To think in that way is to lead and not follow. It is to lead in a new direction, to a new place. Not to bemoan how the world celebrates Christmas, for if anything, we should celebrate even more! But to show the world there’s more, there’s better. That’s Jesus’ birth means a new birth for us. That’s Jesus’ life means a new life for us. And that Jesus’ death and resurrection means a resurrection for us after we too die. And so Christmas really is not just an end, but a beginning.
And then maybe, just maybe, we can tell the world:
You can have this. And the world say: Yes, we want to have that.

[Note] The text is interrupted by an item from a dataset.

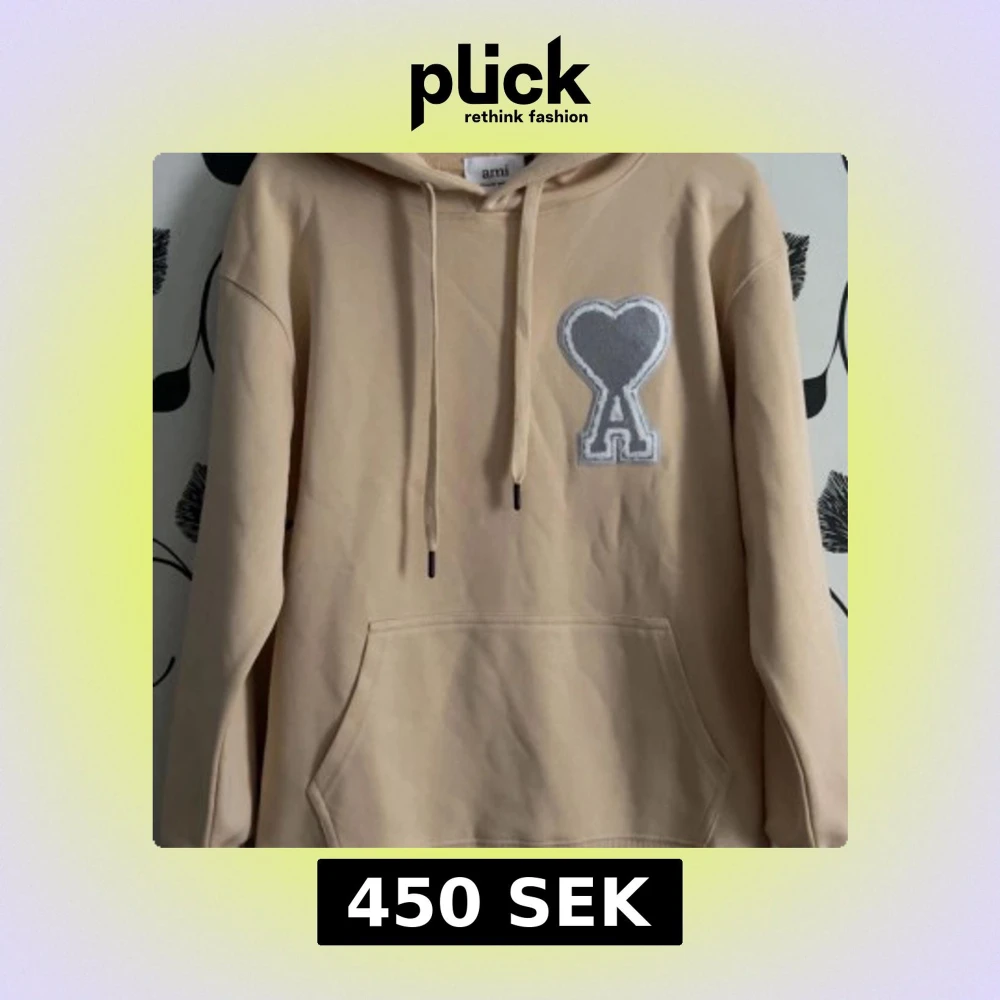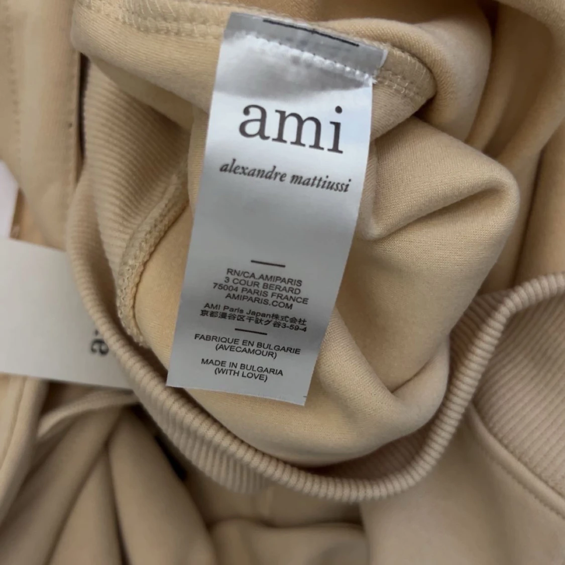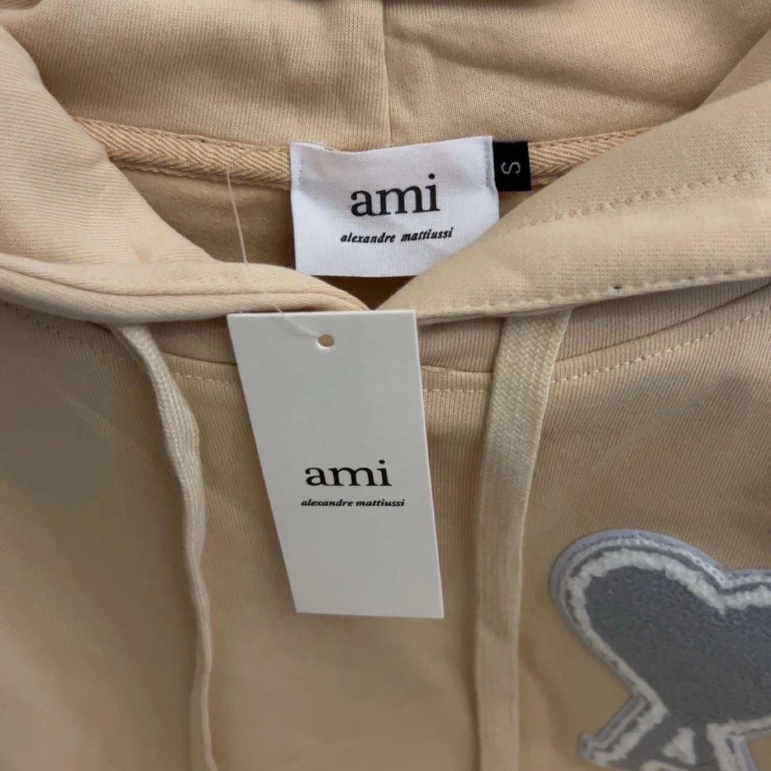 Snygg beige hoodie från Ami Paris med stor grå hjärtdetalj och bokstaven A på bröstet. Tröjan har huva med snörning, magficka och ribbade muddar. Tillverkad i mjuk bomull, perfekt för chill dagar. Stilren och trendig design som sticker ut.
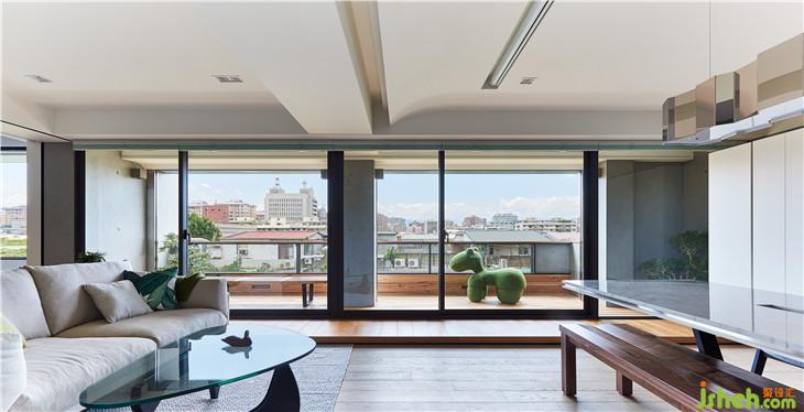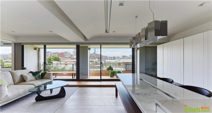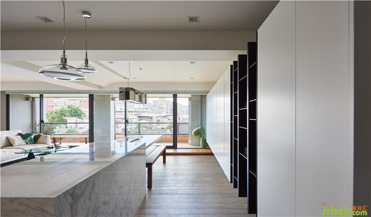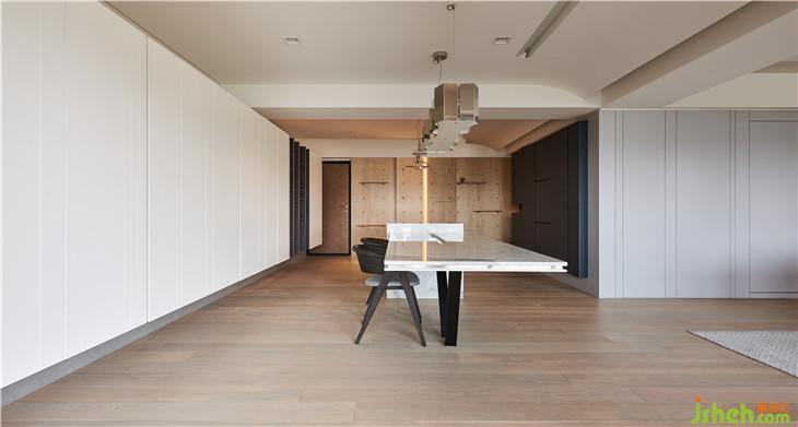 右側(cè)為主要收納空間,盡量將收納集中在同一邊,讓空間呈現(xiàn)最大開(kāi)放性

You can do this. And the world say: Yes, we want to do that.
You can be this. And the world say: Yes, we want to be that.
And if we are asked, like Jerusalem asked that day, Who is this? We can tell them: This is the Saviour, Jesus. Who has come, is coming, and will come again. For you.
In the Name of the Father, and of the (+) Son, and of the Holy Spirit. Amen.
[Thanks to Rev. William Weedon for the direction and some of the thoughts in this sermon.]